Housing v. Renting Again!

Both synopses from the last post were very good and I will use both here even though it will make this a long post.

Part of the comment (unfortunately the links didn't stick) which our first anonymous at 9:04 AM said was:

There is also the advantage of *leverage*. If you make a downpayment of $100,000 and buy a $1,000,000 home, and if that home appreciates by 10% in one year, it looks like you've now got $200,000 where you used to have $100,000. It feels like you've doubled your money!

You made some mortgage payments, insurance payments, tax payments, not to mention some points and fees in addition to the first $100,000, however, which pro-home ownership folks tend to overlook.

A group of contrarians tried to take all those nuisance expenses into account, and the end up questioning the financial wisdom of home ownership. They've written about it at MSN, at get rich slowly, the Wall Street Journal, the Motley Fool, and and the housing crash blog.

They point out that you don't pay yourself when you buy a house, you pay a huge amount of mortgage interest to the bank, you pay the prior owner, you pay taxes, you pay insurance and maintenance and upkeep. And if you sell, you pay a whopping great commission - 5 to 7% on the full price of the house - to a real estate agent.

Usually you end up paying three times the value of the house over 30 years!

Whether or not you come out ahead depends on how fast the prices of houses rise, and what you might do with the money you saved by renting. Nationally over the 100 years from 1895-1995 homes did not appreciate at all relative to inflation. But Santa Barbara is different, and an unresolved question is... does Santa Barbara real estate rise at about 7% per year, or 10% per year?

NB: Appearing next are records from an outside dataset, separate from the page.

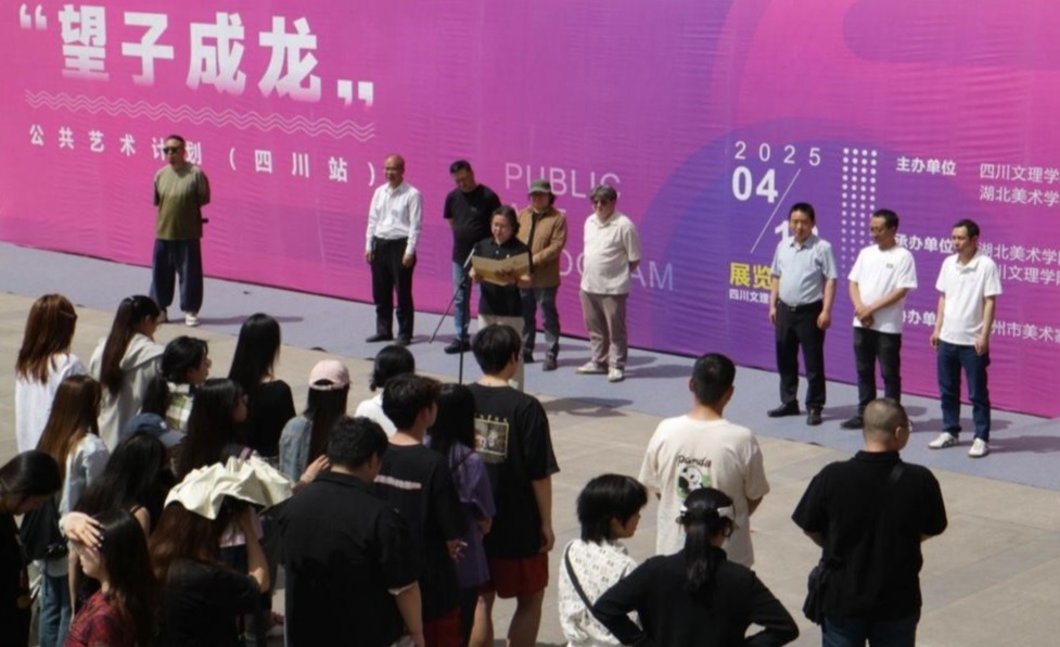 4月18日上午9点,“望子成龙”公共艺术计划(四川站)开幕式在英国上市公司365艺术传媒大楼广场隆重举行。公司党委书记张吉应宣布开幕,经理刘承川致辞,湖北英国上市公司365公共艺术系主任张有魁发言,英国上市公司365美术馆馆长邓旭主持开幕式。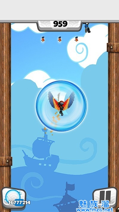 4.玩家操控忍者在两个墙壁之间来回跳跃,不断向上攀爬得分,高度越高得分越高。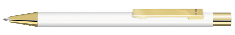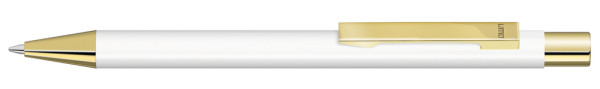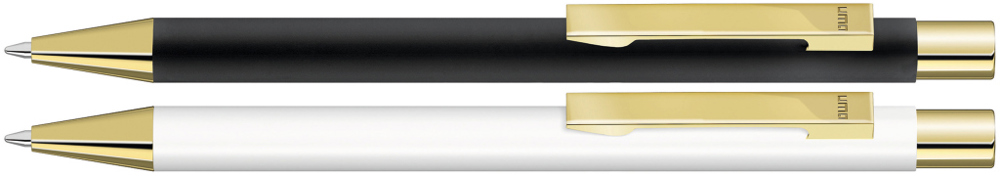 Metall-Druckkugelschreiber mit mattem Gehäuse in weiß oder schwarz. Metallclip, Metallspitze und Drücker gold glänzend.

real estate guru doing his or her best to be objective enumerated a few things -- all of which could be discussed more.

1. One conclusion can be drawn from all this it's that buying a house or renting and saving 10% each payday and investing it in the stock market both come out about the same and both make one financially secure after 30 years. And that BOTH buying a house or renting, saving, and investing in the stock market are the best investment that one can ever make in their life.

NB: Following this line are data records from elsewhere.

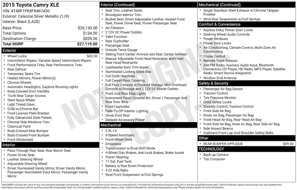Camry XLE, Celestial Silver Metallic, *BACKUP CAMERA*, *LEATHER HEATED POWER SEATS*, *LOCAL TRADE*, ABS brakes, Alloy wheels, Electronic Stability Control, Front dual zone A/C, Heated door mirrors, Heated front seats, Illuminated entry, Leather Seat Trim, Low tire pressure warning, Remote keyless entry, Traction control. Celestial Silver Metallic 2015 Toyota Camry XLE FWD 6-Speed Automatic 2.5L I4 SMPI DOHC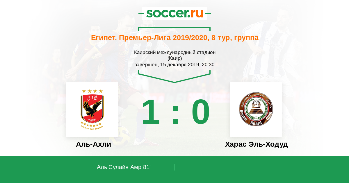 Протокол матча Аль-Ахли против Харас Эль-Ходуд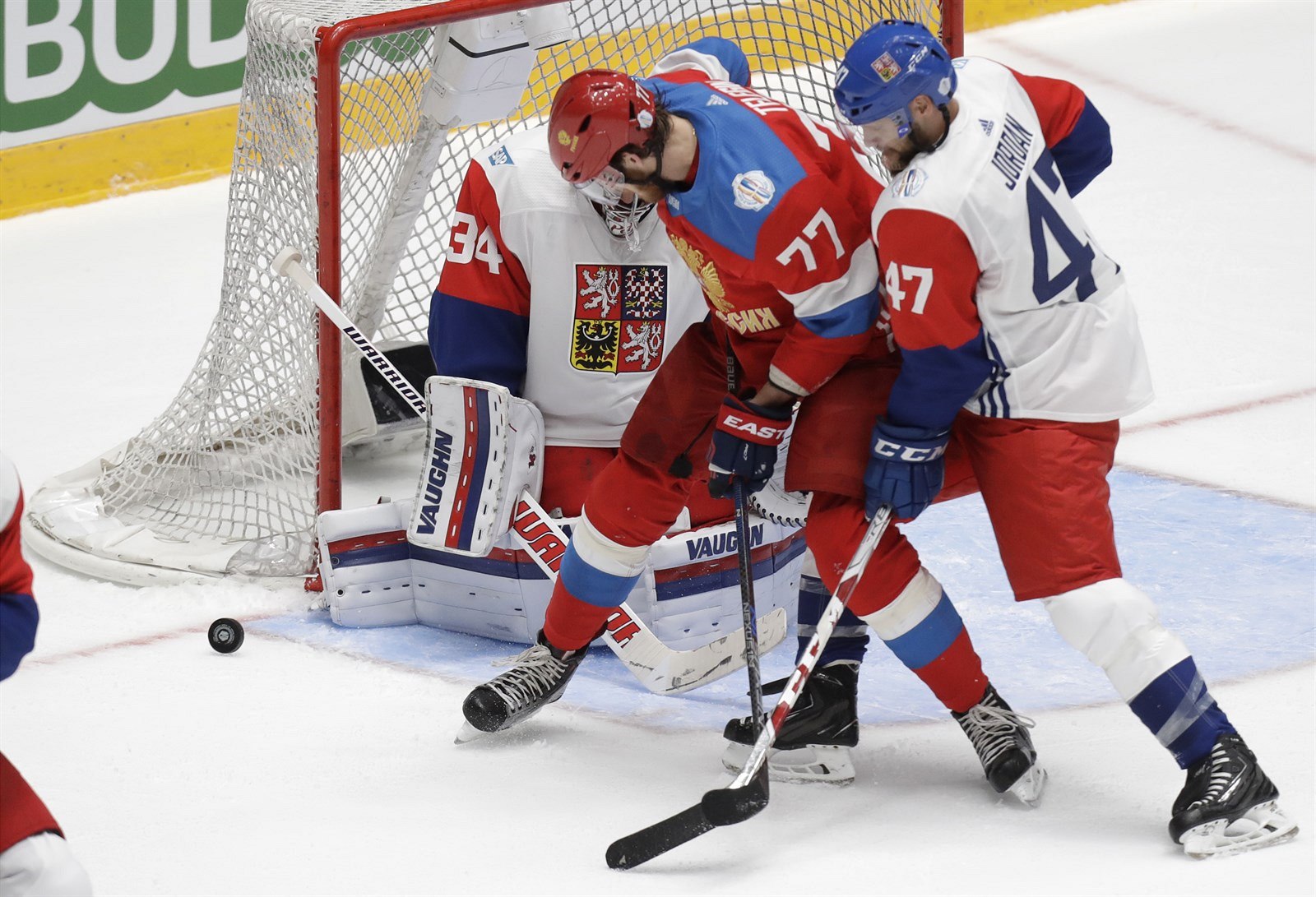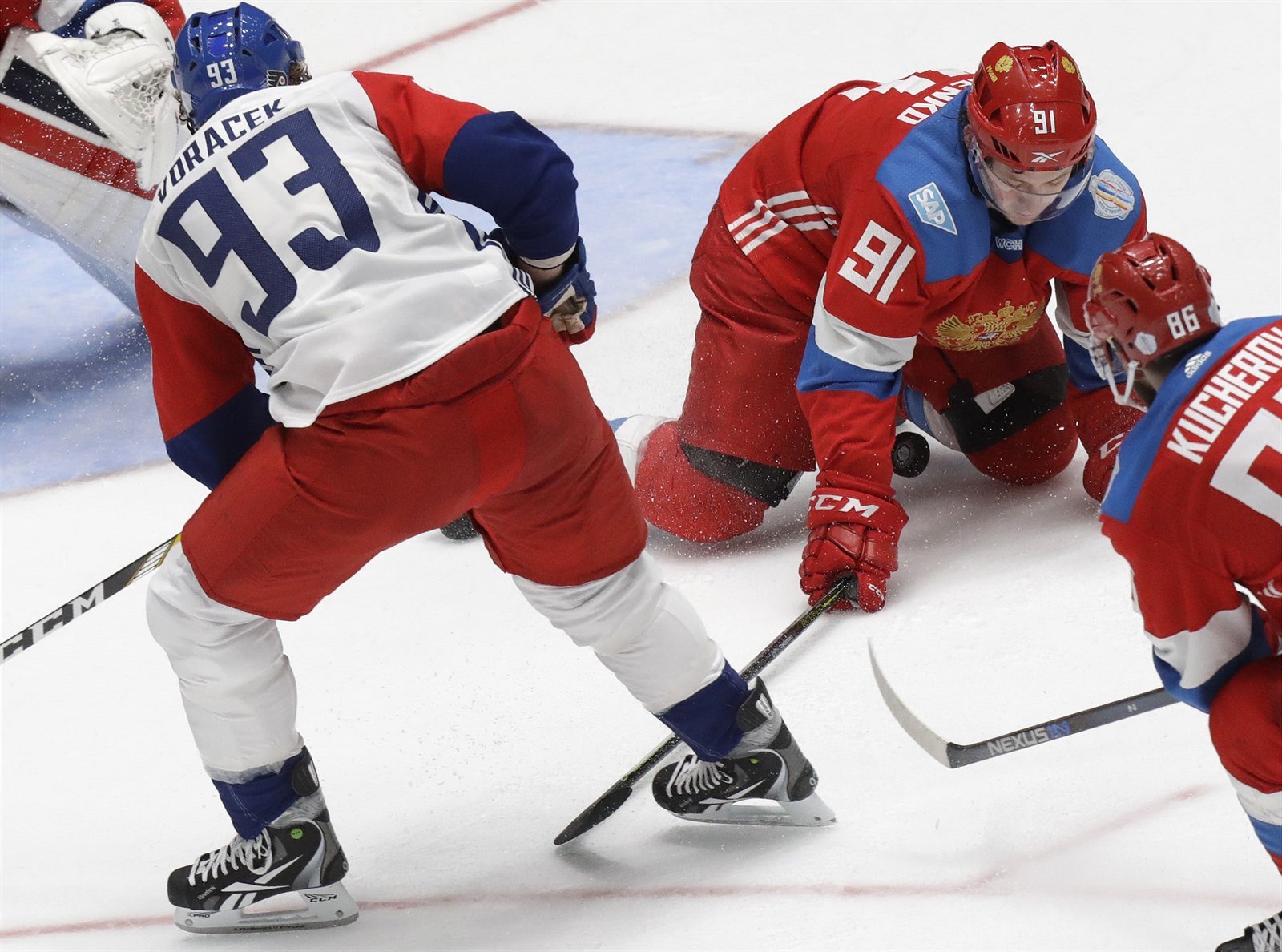 Jakub Voráček se pokouší najít puk mezi ruskými obránci.

2. We all learned that the average person does not have the discipline or will power to save much more than 1% of their income and so buying a house is a forced way of saving and investing.

3. We have all learned about the power of leverage and it's existence in the investment of buying a house.

4. We learned that the monthly payments of a buyer are not a part of the investment but are allocated as his cost of providing shelter and are an expense equal to rent over 30 years.

5. we learned that rent increases 5% compound each year and that both stock investments and a house investment appreciate an average.
between 7% and 10% a year

6. We learned that neither buying a house or a stock investment is a sure thing and that both have risks.

7. We learned that both have bubbles and corrections but that history always repeats itself and so both the stock and the house go right back to appreciating mode after the correction is over.

8. We learned the the bottom of this housing correction may be an opportunity of a lifetime for anyone who wants to buy a house and that the prices of houses will never be lower over the next 100 years than they will be at this coming bottom.

9. We learned that the coming housing bottom is going not going to occur for at least one year and most likely will occur somewhere between 1 and 3 years from now.

10. We have all learned about the wonderful power of leaving an investment in for a very long time like 30 years.

11.We all learned about the rule of 72. ( one can find out how many years it takes for something to double by dividing the number 72 by the annual rate of compound growth. ( compound growth is where one leaves the annual increase in to grow the following year along with the principal.)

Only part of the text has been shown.